Hugh of Balma, also known as Hugo of Palma or Hugh of Dorche was a Carthusian theologian,[1] is generally acknowledged to be the author of the work which titled Viae Syon Lugent (The Roads to Zion Mourn), after its opening line. That work is also known as De Mystica Theologia, De Theologia Mystica and De Triplici Via. It is a comprehensive treatment of the Mystical Theology of Pseudo-Dionysius the Areopagite. The work was attributed to Saint Bonaventure in medieval and early modern times, but this attribution was firmly rejected and attributed to Hugh by the Franciscans of Quaracchi, editors of the critical edition of Bonaventure's work, in 1895.[2]
Hugh's identity is unclear.

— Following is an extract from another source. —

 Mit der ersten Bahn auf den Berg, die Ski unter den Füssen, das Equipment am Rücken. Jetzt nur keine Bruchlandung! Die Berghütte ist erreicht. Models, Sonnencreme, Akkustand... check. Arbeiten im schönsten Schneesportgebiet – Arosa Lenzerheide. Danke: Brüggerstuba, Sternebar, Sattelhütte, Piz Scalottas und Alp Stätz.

Since the seventeenth century, he has typically been identified with Hugh of Dorche, prior of the Carthusian Charterhouse of Meyriat in Bresse, between Geneva and Lyon, from 1293–95 and 1303–05.[3][4] The 1907 Catholic Encyclopedia cites a tradition now discredited that Hugh of Balma was a 'Franciscan theologian, born at Genera' who died in 1439, and the confessor of St Colette.[5] The most likely theory is that he was Hugh of Dorche, a Carthusian prior of Meyriat.

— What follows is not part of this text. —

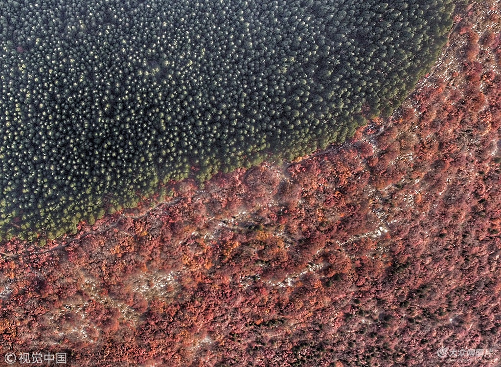 2018年11月3日,金秋時節(jié),位于山東省濟南市楔子山山脊一帶植被呈現(xiàn)出“平分秋色”的壯美景象:一側(cè)紅色一側(cè)綠色,令人稱奇,成為濟南秋天里網(wǎng)紅好去處。圖為無人機航拍濟南楔子山“雙色”植被。

Hugh has been identified with the assertion that one can rise to God by love alone, without any cognition accompanying or leading the way.[6] However, it has been suggested that this arose in particular because of a misreading of Hugh in the 1450s, during controversy over the definition of mystical theology involving the Carthusian Vincent of Aggsbach, Nicholas of Cusa and the abbot of the Benedictine monastery of Tegernsee, Bernard of Waging.[7]